• A depositary receipt (DR) represents an ownership interest in securities of a foreign issuer typically trading outside its home market. ADR is a tradable instrument, and the depositary receipts that are trading in the United States are known as American depositary receipts, or ADRs.
  • Depositary receipts that are traded in an international market outside the United States are known as global depositary receipts, or GDRs. Most depositary receipts are quoted and traded in US$ terms. There are some DRs that are traded in euros and pounds sterling.
  • Typically a bank issues depositary receipts and also functions as a depository and issuing agent for the same.
  • The depositary receipt is issued against the deposit of domestic ordinary shares in the bank’s custody account in the home market.
  • These shares continue to remain on deposit with the bank’s custodian until the depositary receipts are cancelled.
  • When the depositary receipt is returned to the bank that acts as the depository for cancellation, the depositary bank instructs its custodian to deliver the underlying local share as per the instructions received from the party delivering the depositary receipt.
  • Each depositary receipt is backed by a specified number of the issuer’s local shares, known as the depositary receipt ratio. The ratio is manipulated in such a way that the price of each DR falls in a competitive price range that is considered attractive to the issuer’s international peer group. The ratio of depositary receipt to underlying shares can be in whole numbers or fractions, depending upon the local share price.
  • There are several benefits of DRs to the issuers as well as the investors.
  • An American depositary receipt (ADR) is a stock that trades in the United States but represents a specified number of shares in a foreign corporation. ADRs are bought and sold on American markets just like regular stocks. They were first introduced to the financial markets in 1927.
  • The sponsor bank purchases a bulk lot of shares from a foreign company and then bundles the shares into groups for the purpose of reissuing the same in any of the American stock exchanges. The issuing company is required to provide detailed financial information to the sponsor bank.
  • Global depositary receipts are depositary receipts in Europe or other non-U.S. markets pursuant to Regulation S promulgated under the U.S. Securities Act of 1933. GDRs are listed on European stock exchanges such as London or Luxembourg.

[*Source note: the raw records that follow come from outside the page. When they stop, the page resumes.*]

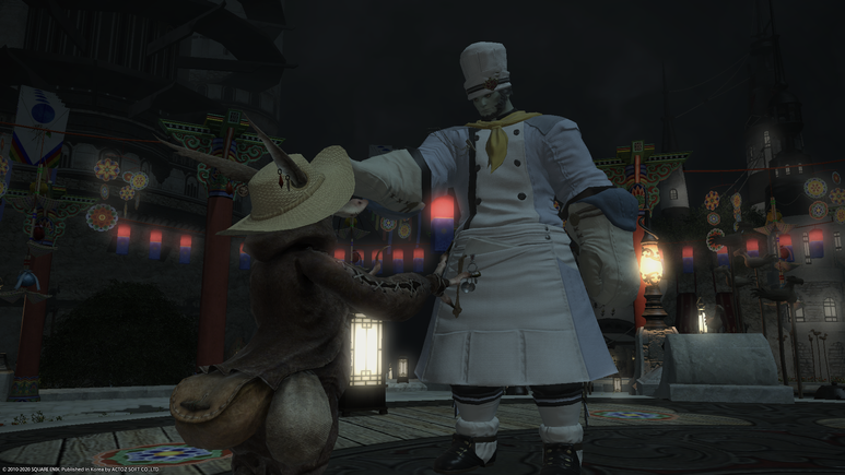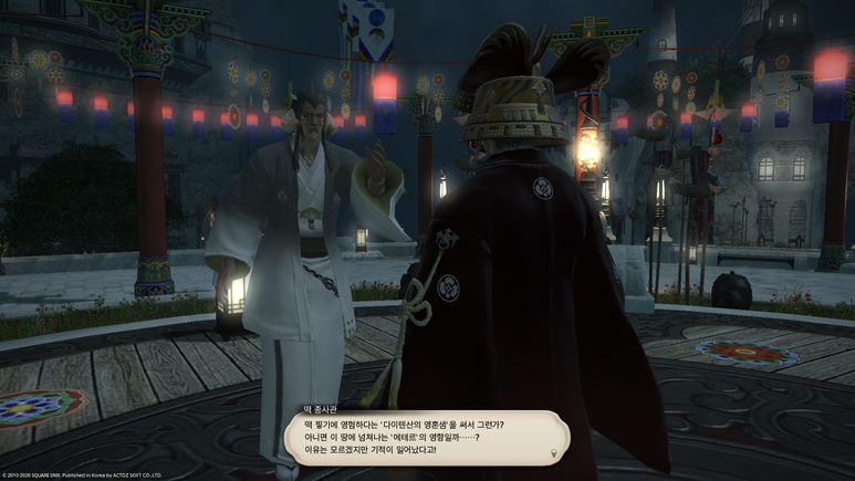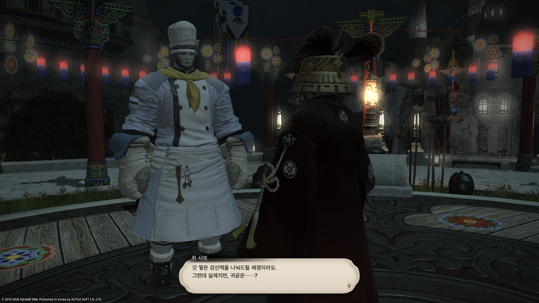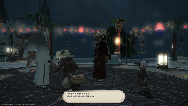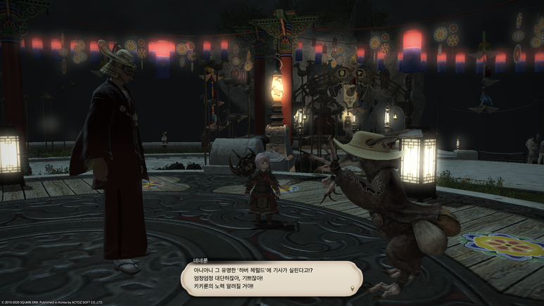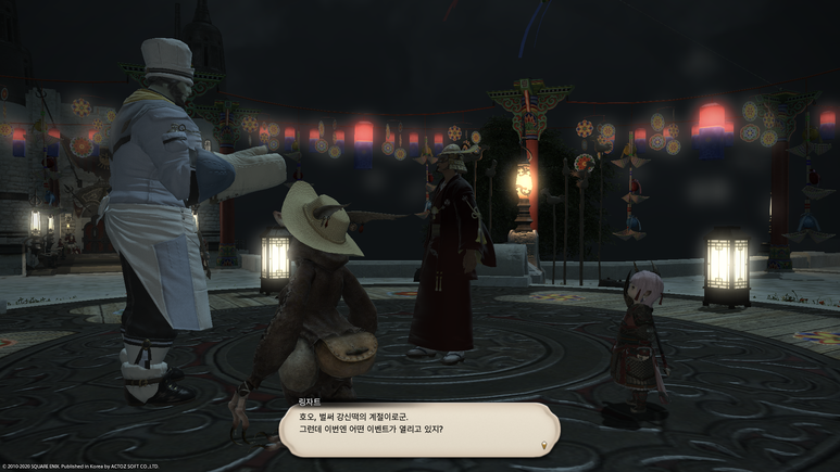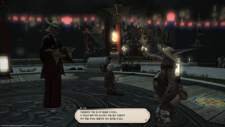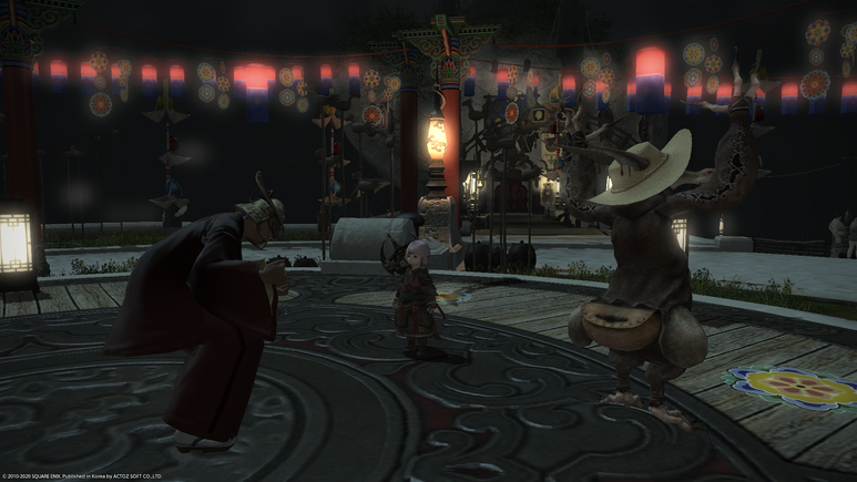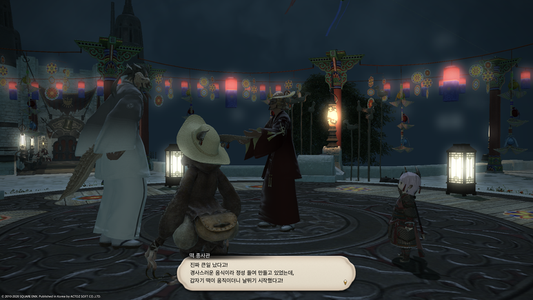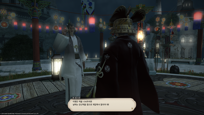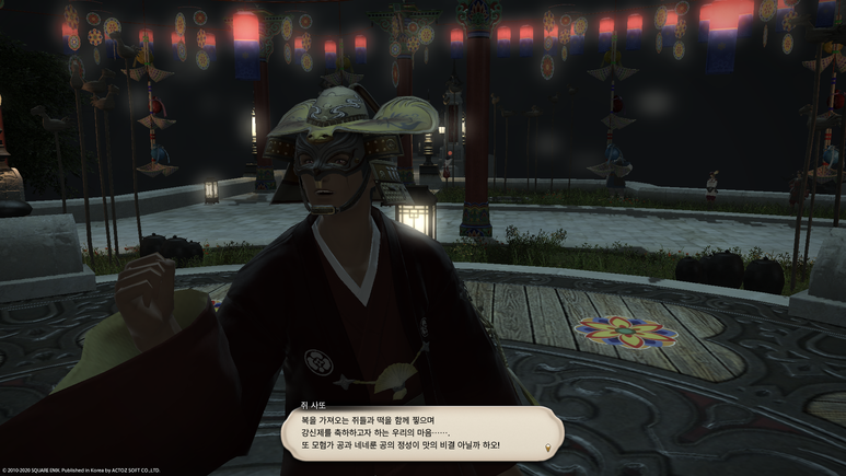 무대 가운데의 쥐 사또에게 말을 걸면 기간 한정 이벤트 퀘스트인 '쥐가 떡을 자르는 강신제' 퀘스트를 받을 수 있습니다.
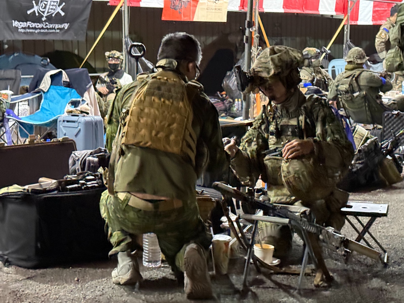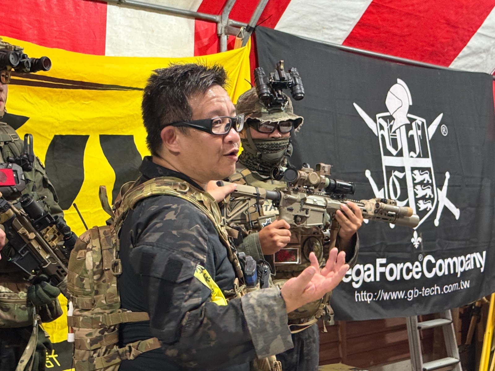 OPS隊員們也展示自己空氣軟槍(BB槍)上裝置的雷射指示器、瞄準鏡,還有更重要的夜視鏡與熱顯像系統。因為要進行夜戰,透過夜視鏡就能夠在低光度看見周遭物體與敵方人員動態,配合瞄準鏡,就能鎖定敵人動態。不過,由於敵軍可能會藉由障礙物或隱蔽物隱藏行蹤,此時,人體的溫度比周遭環境的溫度還要高,熱顯像就能以不同顏色來顯示不同溫度的人體、車輛等,更能在暗夜中判斷敵蹤。而夜視鏡與熱顯像系統,也可以裝在頭盔上,以折疊式的掛架來配合作戰情境使用。
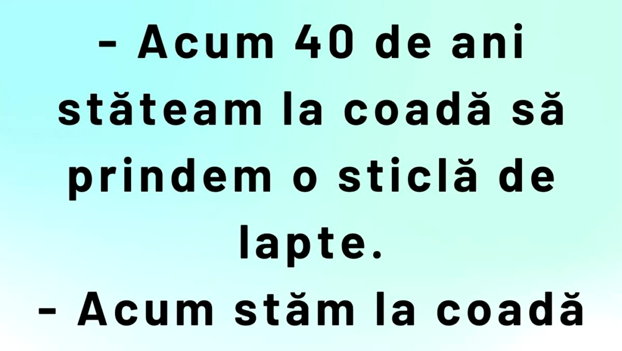 – Acum 40 de ani stăteam la coadă să prindem o sticlă de lapte.
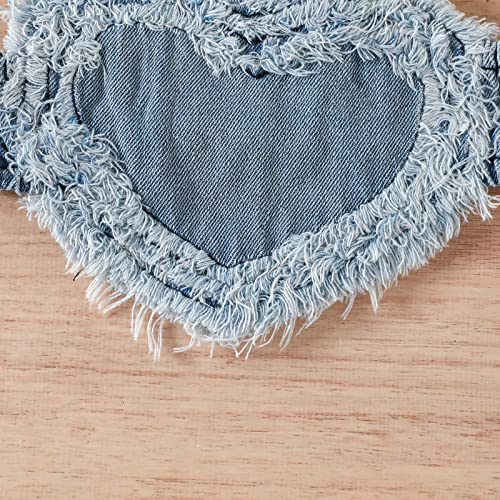 2PCS Infant Baby Girl Raw Edge Heart Shape Strap Crop Tops + Heart Ripped Denim Shorts Clothes Sets 4
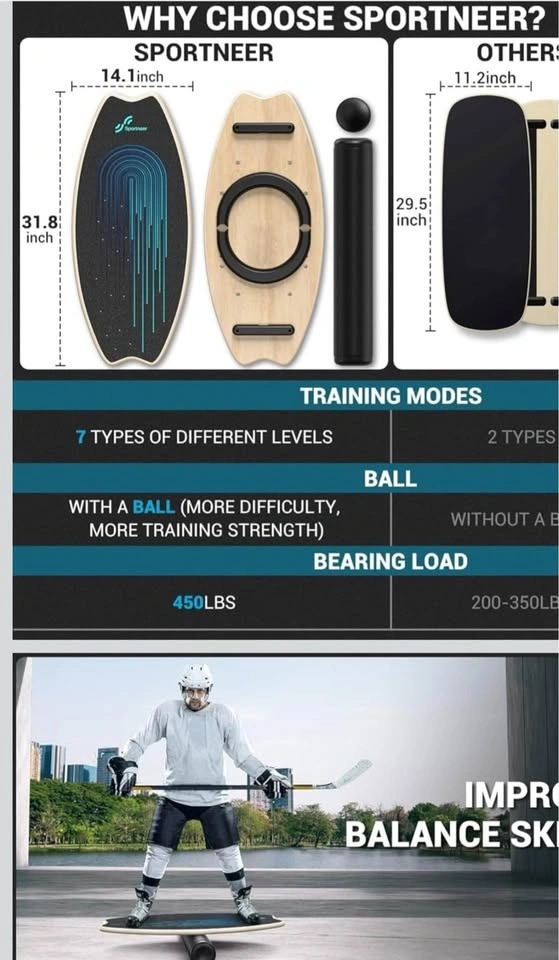 Brand new Sportneer balance board with 7 modes, adjustable stoppers, roller, and balance ball. Great for core training, stability workouts, physical therapy, and balance improvement. Non-slip surface.
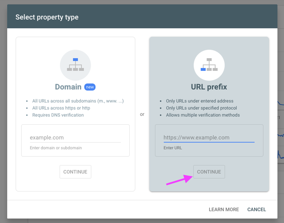 Select URL prefix and copy-paste your website's URL in the text field. Then, click Continue.
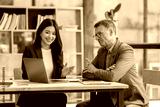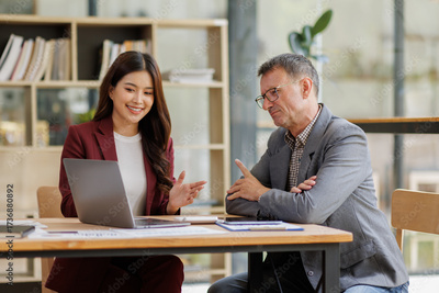 Two Confident male and female professional executives experts discussing financial accounting papers working together
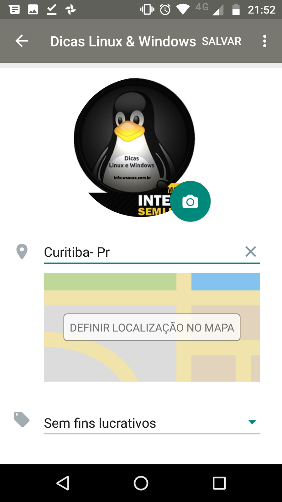 Agora vamos à configuração do perfil da empresa. Configure o nome que será mostrado para seus clientes. Tome cuidado, pois este nome não poderá ser alterado. A foto do perfil (logo) pode ser adicionada da mesma maneira que no aplicativo WhatsApp normal.
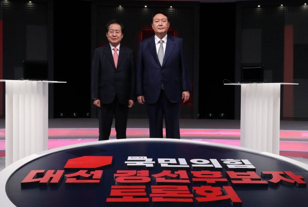국민의힘 윤석열 전 검찰총장(오른쪽)과 홍준표 의원이 지난달 15일 저녁 서울 마포구 상암동 MBC 사옥에서 열린 '1대1 맞수토론'에 앞서 포즈를 취하고 있다. (사진 제공=연합뉴스)

  • A company can choose to combine its GDR offering with an ADR offering into the U.S. markets. Then the ADRs may be publicly listed on a U.S. exchange and offered to retail investors, or may be privately placed with qualified institutional buyers pursuant to Rule 144A.
  • There are basically three levels of ADRs that are available, each having its own merits and disadvantages. The issuing company will choose the level that fits best considering the other requirements.
  • Analyzing foreign companies involves further scrutiny than merely looking at the fundamentals. In fact there are innumerable risk factors that determine the value of the depositary receipts in addition to the performance of the company. Investors should be aware of those risks.
  • Restricted programs are those that are meant to be traded by only certain individuals. In the United States, the Securities Exchange Commission allows these types of issuance of shares as per Rule 144-A and Regulation S.